For the third and last in my series breaking down the three key assumptions behind Service Level Automation, I would like to focus on how SLA environments can control data center configuration in response to service level goal violations. These goal violations and the high level actions to be taken are determined by the analysis capability of the environment. Details of how to accomplish those high level actions, however, are decided and executed by the response function.
Essentially, the response function of an SLA environment is very much like the driver set that your operating system uses to translate high level actions (e.g. "store this file") to device specific actions ("Move head 32 steps to center, find block 4D5EF, etc."). The responsibility here is to provide the interface between the SLA analysis engine and specific standard or proprietary interfaces to everything from server hardware to network switches to operating systems and middleware.
I see the following key interface points in today's environments:
- Power Controllers/MPDUs: Job 1 of a service level automation environment is providing the resources required to meet the needs of the software environment, and only those resources. Turn those servers on when they are needed, and off when they are not. This includes virtual server hosts. (Examples: DRAC, iLO, RSA II,MPDUs)
- Operating Systems: Before you shut off that server, make sure you've "gently" shut down its software payload. Well written server payloads for automated environments will both start up and aquire intial state (if any), and shut down while preserving any necessary state without human intervention. However, from a communications perspective, each action starts with the OS. (Examples: Red Hat, SuSE, MS Windows, Sun Solaris)

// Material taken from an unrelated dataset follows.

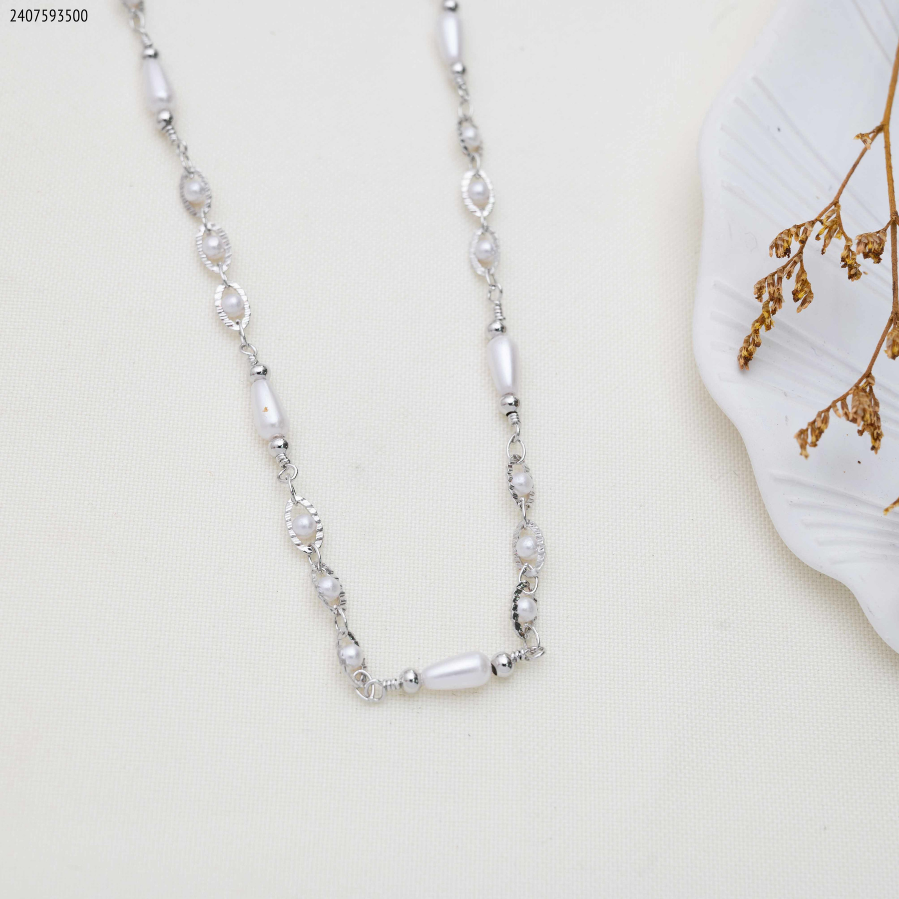 سنسال حبات لولو مع حلقات حبات لولو صغير

- Middleware/Virtualization: It is interesting to note that many software payload components (e.g. an application server or a hypervisor) are both software to be managed, and computing capacity themselves. For example, an application server should be managed to specific service levels relating to its relationship with its host server (e.g. CPU utilization, thread counts, etc.), while also treated as a capacity resource for JavaEE applications and services. As such, these software containers should be managed for their own guest payloads much like a physical server would for the overall server payload. (BEA Weblogic, VMWare ESX, XenSource XenEnterprise)

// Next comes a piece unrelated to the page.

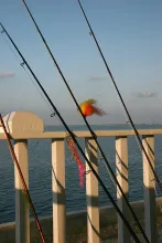 "No problem, mon", (that's what I learned to say first in local accent) I took my 30 lbs outfit out and started trolling on the way offshore. Since the only rod holder was already "taken", we added some teasers as well, by wrapping them "the local way" all around the boat.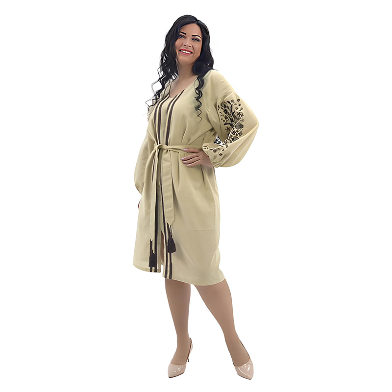 Класичний вільний крій в поєднанні з паском дозволить змоделювати жіночний силует, широкий рукав додасть ніжності і романтичності, а два варіанти довжини дозволять підібрати сукню саме під вашу фігуру!

- Layer 2 Networking: In order to use a server to meet an application's needs, that server must have access to required networks. True automation requires that switch ports be reconfigured as necessary to ensure access to specifically the VLANs required by the payloads they will represent. (Examples: Cisco 3750, Extreme Summit400)
- Network Attached Storage (NAS): The beauty of NAS devices is that they can be dynamically attached to a software payload at startup, without requiring any hardware configuration beyond the Layer 2 configuration described above. SAN is also useful (and common), but requires hardware configuration to make work. That complicates the role of automation. Part of the problem is the inconsistent remote configurability of fiber switches, which may be mitigated somewhat with iSCSI. However, NAS is quickly becoming the preferred storage mechanism in large data centers. (Examples: NetApp FAS, Adaptec Snap Server)
Over time, I see the industry adding more and more "drivers" to manage more and more data center (and perhaps desktop) resources. Imagine a world in which each software and/or hardware vendor produced standard SLA drivers for each individual component that makes up your data center environment. Every switch, disk and server; every service, container and OS; even every light bulb and air conditioner are connected to a single service level policy engine in which business policy (including cost of operations) drives automated decisions about their use and disuse.
Its not here yet, but you won't have to wait long...
I will use the label "respond" to tag posts related to response interfaces.